**ACTIVITY**
Below are records with pictures in them. Transcribe everything from the line containing "郑晖一行在大禹节水集团展厅调研,集团公司董事长王栋作情况介绍" down to the line containing "HACCP Hnedé mäso", exactly, and leave the pictures behind.

**SUPPLIED DATA**
□ □ □
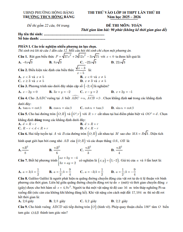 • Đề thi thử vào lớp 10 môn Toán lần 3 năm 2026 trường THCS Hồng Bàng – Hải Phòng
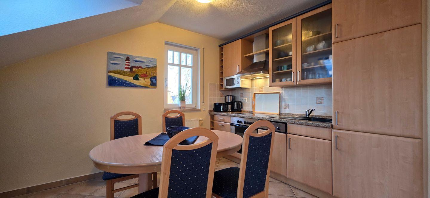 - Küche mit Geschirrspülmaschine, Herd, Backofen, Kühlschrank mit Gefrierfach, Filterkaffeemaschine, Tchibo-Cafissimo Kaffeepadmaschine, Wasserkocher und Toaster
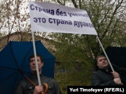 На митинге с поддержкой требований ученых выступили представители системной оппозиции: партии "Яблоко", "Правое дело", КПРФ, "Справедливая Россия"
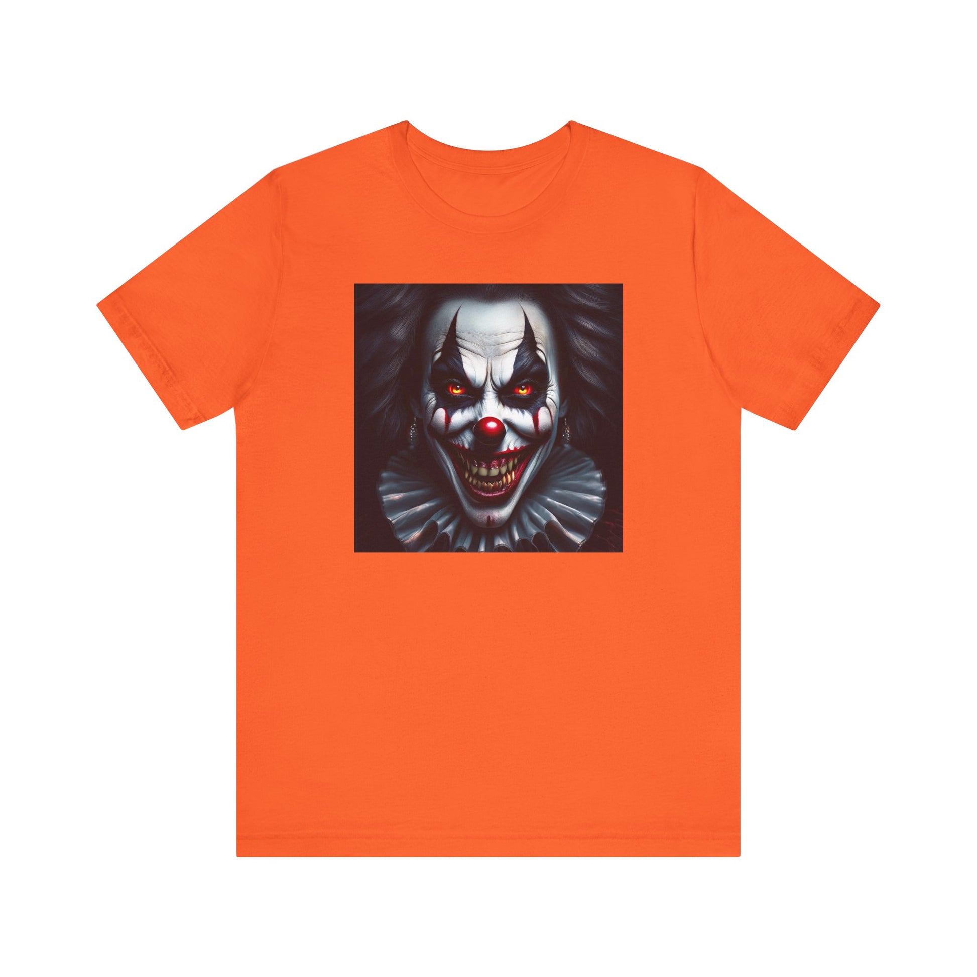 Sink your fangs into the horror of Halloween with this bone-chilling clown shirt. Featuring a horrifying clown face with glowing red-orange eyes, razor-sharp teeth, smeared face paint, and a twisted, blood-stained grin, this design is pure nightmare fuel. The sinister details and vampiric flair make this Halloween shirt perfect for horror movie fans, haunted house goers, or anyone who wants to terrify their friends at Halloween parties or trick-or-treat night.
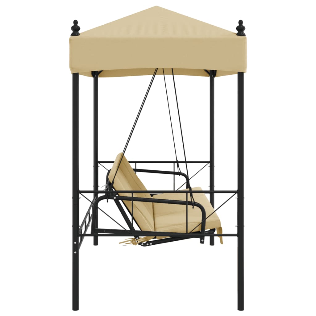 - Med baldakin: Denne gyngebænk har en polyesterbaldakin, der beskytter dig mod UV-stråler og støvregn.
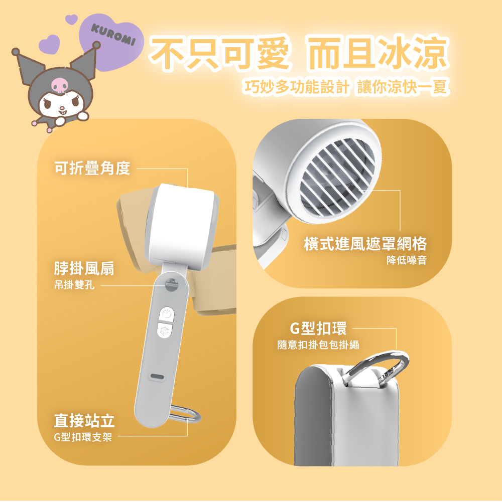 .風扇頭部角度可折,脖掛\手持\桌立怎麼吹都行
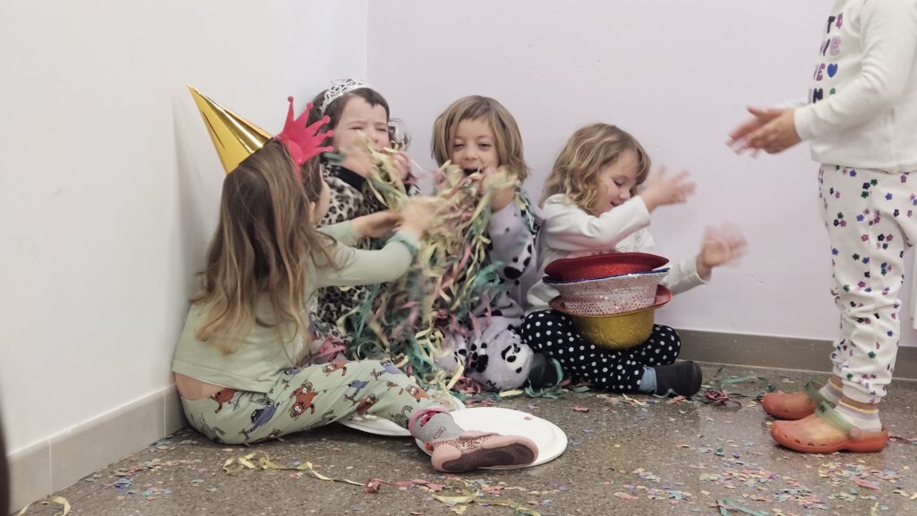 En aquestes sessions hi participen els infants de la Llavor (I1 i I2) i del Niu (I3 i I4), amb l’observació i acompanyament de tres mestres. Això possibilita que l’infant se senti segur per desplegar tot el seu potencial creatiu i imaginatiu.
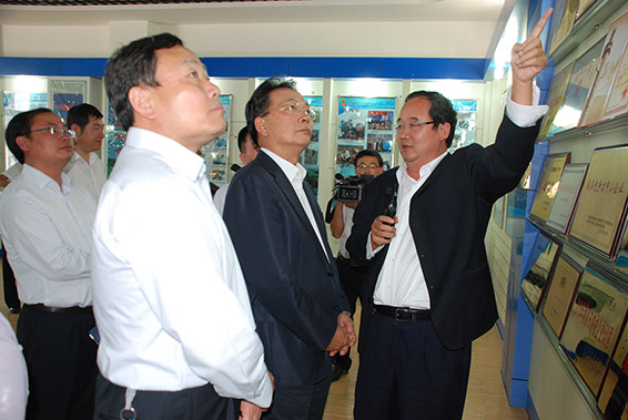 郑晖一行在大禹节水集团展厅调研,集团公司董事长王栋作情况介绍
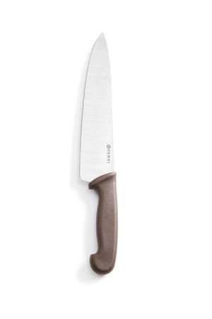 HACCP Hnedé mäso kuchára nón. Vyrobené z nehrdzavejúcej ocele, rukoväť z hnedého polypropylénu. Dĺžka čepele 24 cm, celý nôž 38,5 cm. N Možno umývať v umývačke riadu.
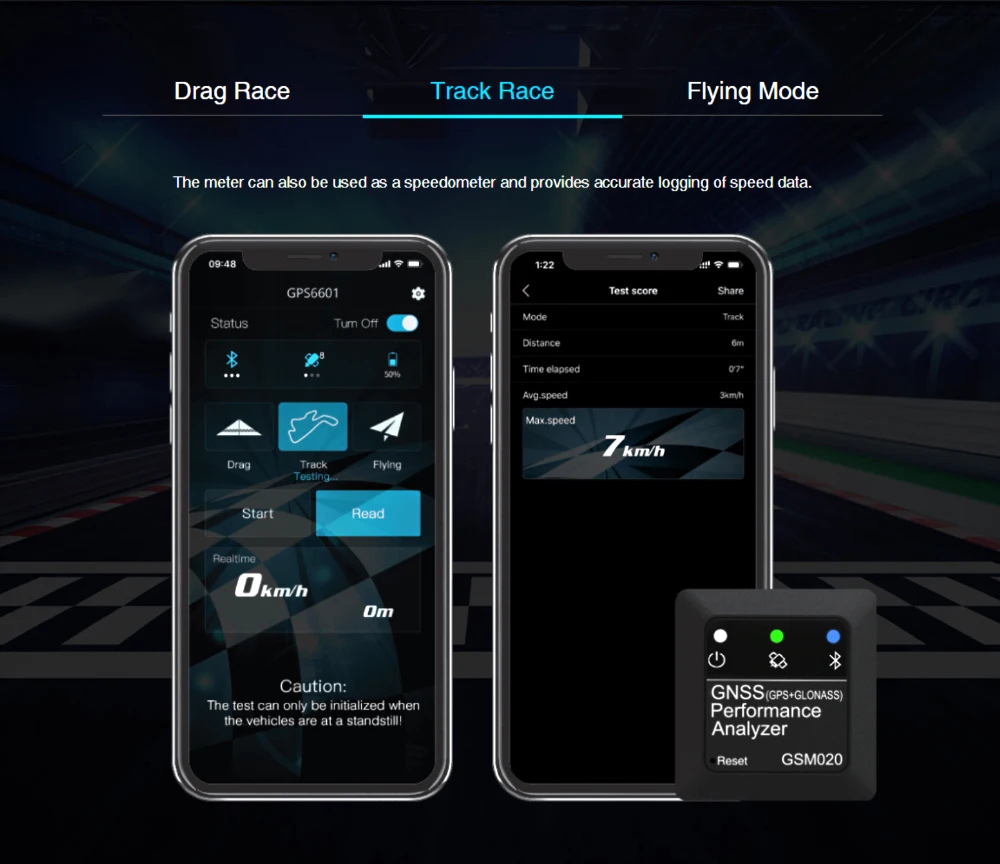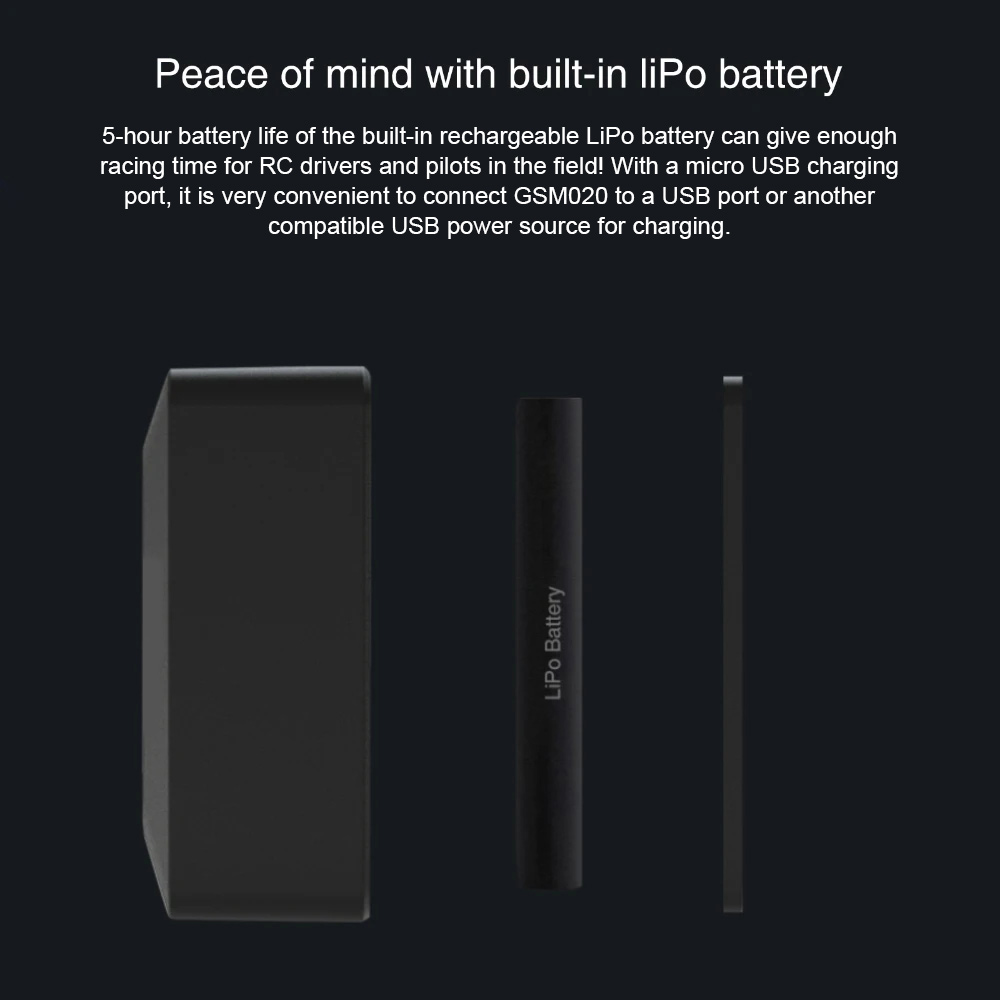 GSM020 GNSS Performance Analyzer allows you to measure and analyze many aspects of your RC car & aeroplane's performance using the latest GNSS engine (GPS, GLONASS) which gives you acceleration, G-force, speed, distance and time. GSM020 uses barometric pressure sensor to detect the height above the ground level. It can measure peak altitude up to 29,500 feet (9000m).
□ □ □
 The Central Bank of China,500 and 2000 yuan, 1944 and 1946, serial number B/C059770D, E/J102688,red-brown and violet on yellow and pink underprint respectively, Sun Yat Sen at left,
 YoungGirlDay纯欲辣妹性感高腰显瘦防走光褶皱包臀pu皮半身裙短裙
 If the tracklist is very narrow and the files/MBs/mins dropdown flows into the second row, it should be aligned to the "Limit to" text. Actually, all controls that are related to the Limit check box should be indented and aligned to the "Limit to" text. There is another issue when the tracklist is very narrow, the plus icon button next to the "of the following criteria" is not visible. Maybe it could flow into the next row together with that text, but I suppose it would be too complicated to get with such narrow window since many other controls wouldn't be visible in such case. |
□ □ □
**EXERCISE SOLUTION**
 郑晖一行在大禹节水集团展厅调研,集团公司董事长王栋作情况介绍
 HACCP Hnedé mäso kuchára nón. Vyrobené z nehrdzavejúcej ocele, rukoväť z hnedého polypropylénu. Dĺžka čepele 24 cm, celý nôž 38,5 cm. N Možno umývať v umývačke riadu.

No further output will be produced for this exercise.